I’m testing with 4x E7-4880 v2s, and 8x MEM1 1.01 boards with either 32GB 4Rx4 1333 LRDIMMs (Samsung M386B4G70DM0), 8GB 2Rx4 1333 LRDIMMs (Samsung M393B1K70QB0), or 4GB 2Rx8 1600 LRDIMMs (Samsung M393B5273DH0).
Until last night, I was struggling with P#M# DC Detect Failure (usually P1M1 but occasionally a few others). As noted elsewhere in this thread, that ended up being due to the “different sized” mem boards, and shuffling them around resulted in that mostly going away. When getting past that stage, the system would (seemingly) successfully get through memory training, but hang on “System Initalizing… B” with a B7 POST code without displaying the BMC IP address.

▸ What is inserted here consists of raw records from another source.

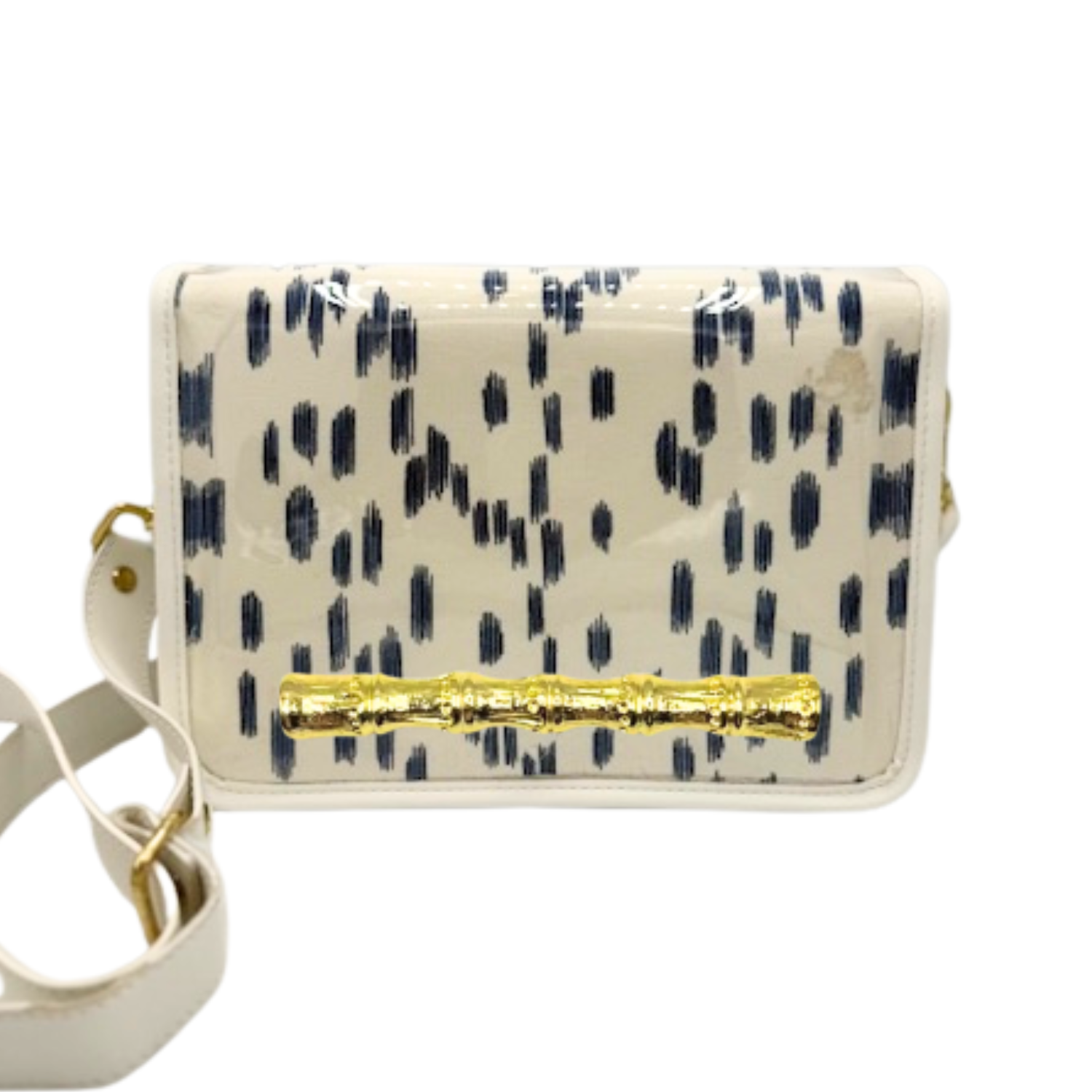 Add a playful yet chic touch to your game day outfit with this unique crossbody clear bag. It features a blue les touches design with a gold bamboo stick hardware. The removable faux leather strap is adjustable to act as a traditional shoulder strap or as a crossbody. This bag meets most standard stadium size measurements.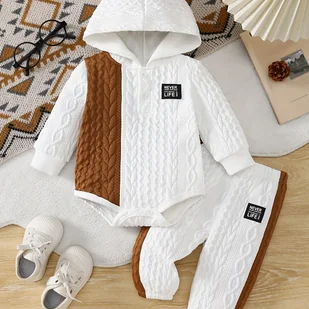 TEMU 2 szt. Dla Chłopców: Bluza z Kapturem w Bloki Kolorystyczne + Spodnie, Jesień/, Urocze Sportowe Ubranie Casual, Idealny na Zewnątrz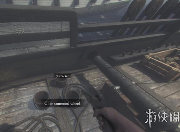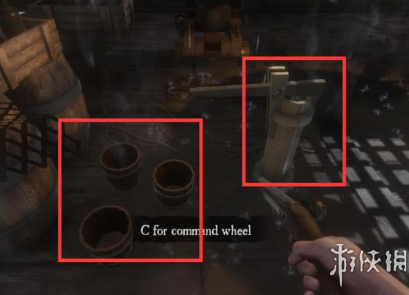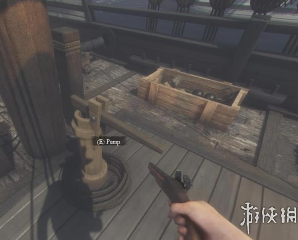 此处在船身中间左右,左边是桶,右边是泵。排水,救火用。

I’ve managed to get past that tonight by reseating the CPUs and memboards probably a dozen times, but now I’m getting stuck at “System Initalizing… 7” with a 79 POST code and the BMC IP address being displayed. No matter what configuration I try (1, 2, or 4 DIMMs per board with 4GB, 8GB, or 32GB DIMMs, 1 or 2 boards per CPU, and 2, 3, or 4 CPUs installed - every permutation of those options), I can’t get any further. I’ve also tried another BMC card, in case that was related, which made absolutely no difference.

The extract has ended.